Combined analysis of P (v-a) CO2 or ∆PCO2 and O2-derived parameters
Under situations of tissue hypoxia, a drop in VO2 is associated with a decline in aerobic CO2 generation while an anaerobic CO2 generation can still arise[36,37]. Therefore, the VCO2 being reduced less than the VO2, a rise of the respiratory quotient (VCO2/VO2 ratio) can be observed[37,63]. Therefore, the rise in the respiratory quotient was suggested to identify global tissue hypoxia[63]. Because VO2 is equal to the product of cardiac output by the difference between arterial and mixed venous O2 content C (a-mv) O2, and VCO2 is proportional to the product of cardiac output and P (v-a) CO2 the P (v-a) CO2/C (a-mv) O2 ratio could be utilized as indicator of the presence of global tissue hypoxia in critically ill patients. Accordingly, Mekontso-Dessap et al[64] tested this hypothesis in a retrospective study of critically ill patients with normalized cardiac output values and DO2. The authors found a good correlation between P (v-a) CO2/C (a-mv) O2 ratio, presented as a substitute of the respiratory quotient, and arterial blood lactate level, while no correlation was found between blood lactate and P (v-a) CO2 alone and between blood lactate and C (a-mv) O2 alone. Moreover, for a threshold value > 1.4 the P (v-a) CO2/C (a-mv) O2 ratio was able to predict with reliability the presence of hyperlactatemia[64]. The authors concluded that this ratio could be utilized as a reliable indicator of the presence of global anaerobic metabolism in critically ill patients. In a more recent study, Monnet et al[65] found that this ratio, calculated from central venous blood [ΔPCO2/C (a-cv) O2], predicted an increase in VO2 after a fluid-induced increase in DO2 (VO2/DO2 dependency), and thus, can be able to detect the presence of global tissue hypoxia as accurately as the blood lactate level and far better than ScvO2. In a series of 60 fluid-responder patients, we recently found that ΔPCO2/C (a-cv) O2 ratio at baseline predicted accurately the presence of VO2/DO2 dependency phenomenon and better than blood lactate (unpublished data).

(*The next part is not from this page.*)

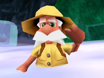 Sabreman's appearance in Banjo-Tooie was not much more than as a minor character. Banjo and Kazooie discover his frozen body on the icy side of Hailfire Peaks clutching a familiar-shaped treasure. But just trying to heat up his frozen self will not work because he is dead. The first step in rescuing this lost explorer is to use Mumbo Jumbo to bring him back to life; however, this still leaves poor Sabreman cold in the snow, requiring you to heat him up with Fire Eggs, Hatch or Dragon Kazooie. Then Banjo must use the Taxi Pack to bring him back to the fire side of Hailfire Peaks. Once all is done and well, Sabreman will give the pair a Jiggy that he had stashed in his tent and hit the hay, where he sleeps perpetually for the remainder of the game.

In a population of 35 septic shock patients with normalized mean arterial pressure and ScvO2, Mesquida et al[66] showed that the presence of elevated ΔPCO2/C (a-cv) O2 values at baseline was associated with the absence of lactate clearance within the following hours, and this condition was also associated with mortality. However, this was a retrospective study and it was not powered to explore the prognostic value of the ΔPCO2/C (a-cv) O2 ratio. In a recent prospective study that included 135 septic shock patients[67], Ospina-Tascon et al[50] found that the mixed venous-to-arterial CCO2 difference/C (a-mv) O2 ratio at baseline and six hours after resuscitation was an independent prognostic factor of 28 d mortality, but not P (v-a) CO2/C (a-mv) O2 ratio. The authors attributed this discrepancy to the fact that the PCO2/CCO2 relationship is curvilinear rather than linear and is influenced by many factors such as pH and oxygen saturation (Haldane effect), and under these conditions, the mixed venous-to-arterial CCO2 difference/C (a-mv) O2 ratio might not be equivalent to P (v-a) CO2/C (a-mv) O2 ratio.
From the results of those above studies[64-67], we believe that we can reasonably admit that the ΔPCO2/C (a-cv) O2 ratio can be used as an indicator of the presence of global tissue hypoxia in critically ill patients. Further clinical trials are needed to assess its prognostic value in patients with septic shock.